WHAT TO DO: Find the line with "Surprising comfort and" in the data below. Repeat it and every line after it up to the end, exactly, but drop the pictures.

+===+

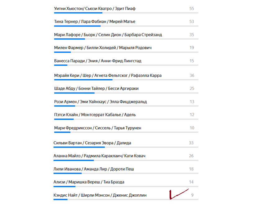 Здравствуйте! Мы продолжаем вспоминать любимых певиц. И заодно голосуем за самых любимых из них. Вот результат голосования в 5-м туре: Кто набрал меньше всех голосов, тот становится героем нашей статьи. Кэндис Найт S Z: Кэндис Найт (настоящая фамилия - Изралов) - жена великого и ужасного Ричи Блэкмора, и по совместительству вокалистка его проекта Blackmores Night. Обожаю тембр её голоса, а ещё - сама она красавица. Если не ошибаюсь, прадед её - выходец из Российской Империи. Ширли Мэнсон Елена Дорожкина: Ширли Мэнсон - шотландская певица и актриса, солистка рок-группы Garbage. Завораживает меня её характерное контральто! В том числе и благодаря этому выразительному вокалу Garbage смогли стать одной из наиболее успешных рок-групп 90-х. Впервые услышала их The World is Not Enough в одноимённом фильме Бондианы и влюбилась в голос солистки. Ещё из любимых могу назвать Milk. Не уверена, что меня многие поддержат (всё же, это более современная певица), но не поделиться своим восхищени
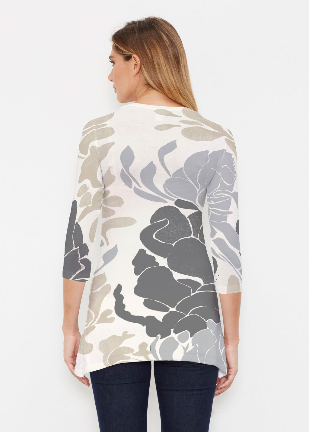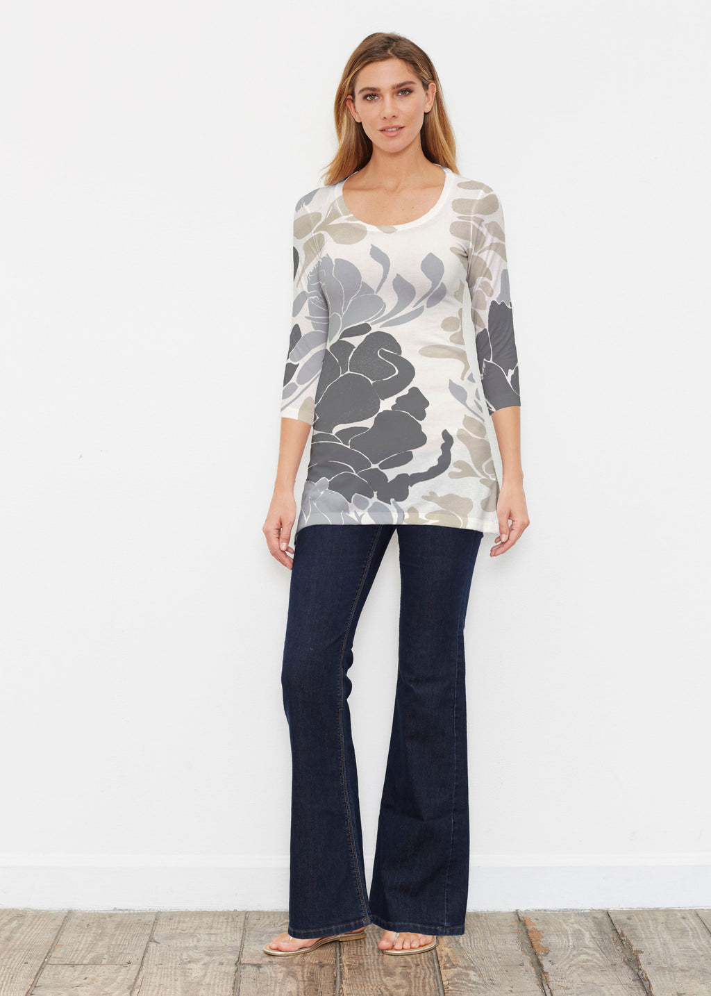 Surprising comfort and style combine in our luxurious Buttersoft blend. A delicate scoop neck, 3/4 sleeve, sweeping curved hemline falls just below the hip.
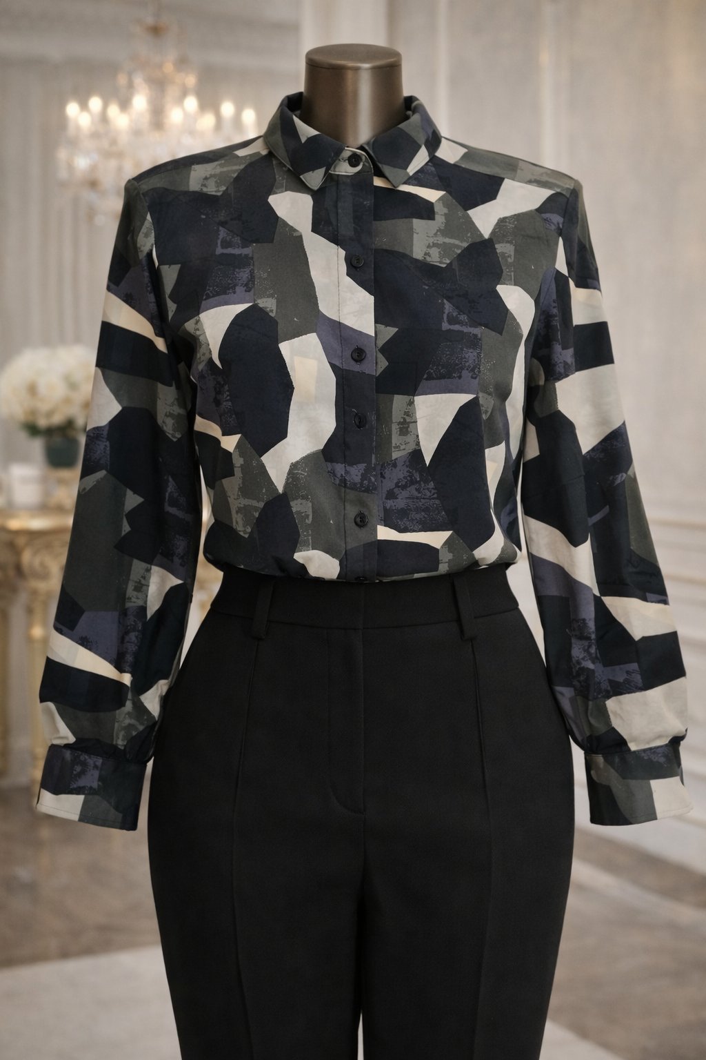 Štýlová košeľa Vero Moda s moderným abstraktným geometrickým vzorom v odtieňoch sivej, tmavomodrej a bielej.
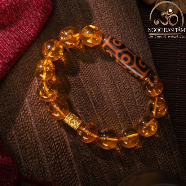 5.3 Vòng Tay Dzi Mai Rùa 9 Mắt Phối Hổ Phách Vàng
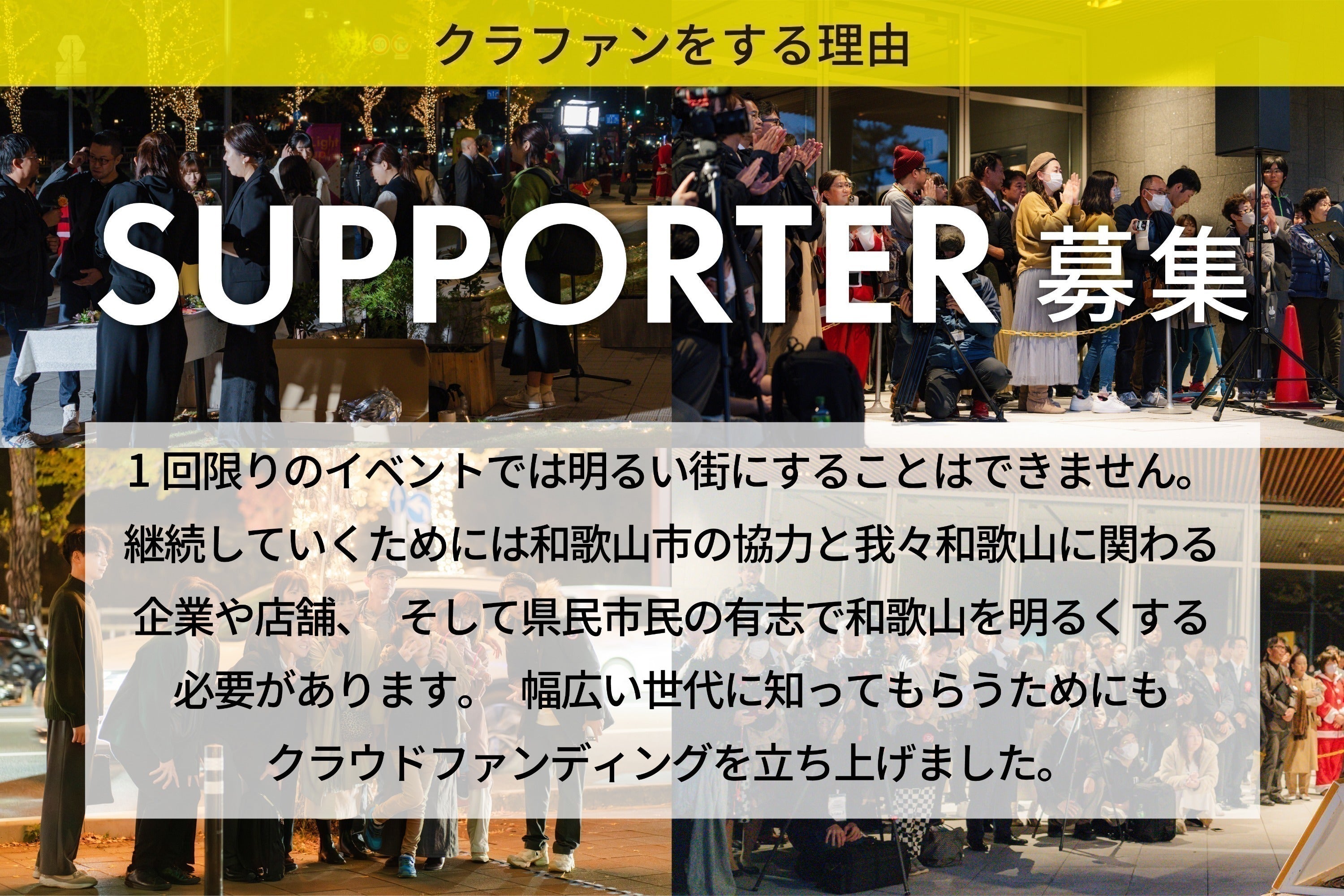 去年から始まったこのプロジェクトは今年で2回目。初年度は皆さまのご協力のおかげで、大盛況で終えることができました。想定外の企画や前向きな意見をいただくことで、イルミネーションをきっかけに多くの方々が「もっと明るい和歌山」になることを期待していると強く感じました。

+===+

OUTPUT OF THE TASK:
 Surprising comfort and style combine in our luxurious Buttersoft blend. A delicate scoop neck, 3/4 sleeve, sweeping curved hemline falls just below the hip.
 Štýlová košeľa Vero Moda s moderným abstraktným geometrickým vzorom v odtieňoch sivej, tmavomodrej a bielej.
 5.3 Vòng Tay Dzi Mai Rùa 9 Mắt Phối Hổ Phách Vàng
 去年から始まったこのプロジェクトは今年で2回目。初年度は皆さまのご協力のおかげで、大盛況で終えることができました。想定外の企画や前向きな意見をいただくことで、イルミネーションをきっかけに多くの方々が「もっと明るい和歌山」になることを期待していると強く感じました。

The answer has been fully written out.